▶ [Stored data]:
+---+
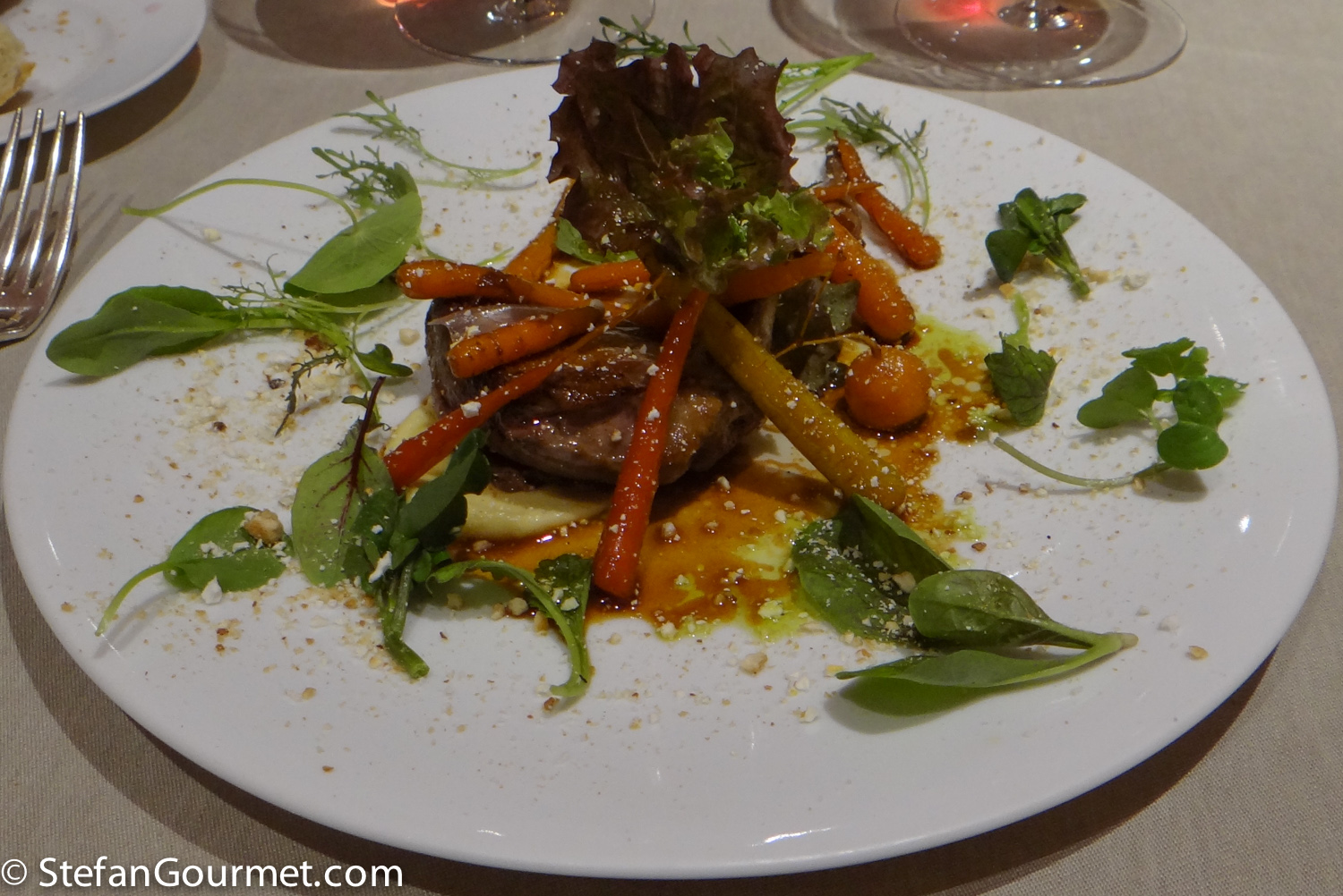 The pigeon with mustard, corn, and carrots was very nice. Also in this case it was important to taste everything together: together with the crispy corn and the sauce the pigeon was delicious. 9/10 The Barolo from 2007 was unfortunately too young and didn’t work very well with the pigeon. With an aged Barolo this dish would have been awesome.
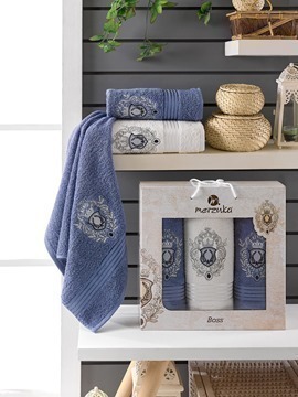 Набор полотенец махровых Boss Merzuka<3 предмета 50*80-2шт+70*130, темно-голубой> (арт.9807, 10056,10224)
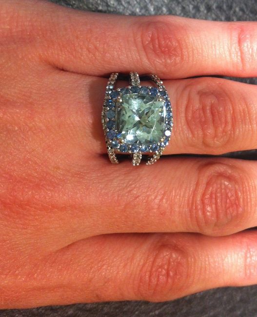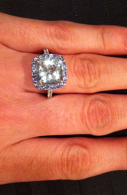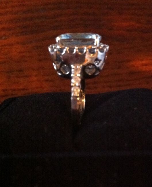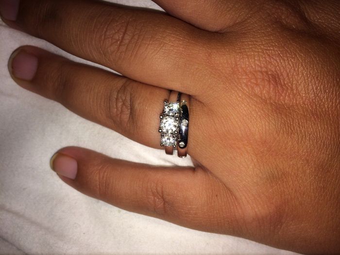 The wedding band we chose and ordered online came in today. My engagement ring is an emerald cut diamond solitaire with a plain band, and the wedding ring is 5 round diamonds. The rings don't match, or fit perfectly together, but I think that love them together anyway. What do you all think, and what we you doing or planning on doing for yours?
+---+
▶ [The task]: Reproduce only the lines from the beginning of the data through the line that contains "Набор полотенец махровых", both included, and please drop the pictures.

▶ [Solution for this exercise]:
 The pigeon with mustard, corn, and carrots was very nice. Also in this case it was important to taste everything together: together with the crispy corn and the sauce the pigeon was delicious. 9/10 The Barolo from 2007 was unfortunately too young and didn’t work very well with the pigeon. With an aged Barolo this dish would have been awesome.
 Набор полотенец махровых Boss Merzuka<3 предмета 50*80-2шт+70*130, темно-голубой> (арт.9807, 10056,10224)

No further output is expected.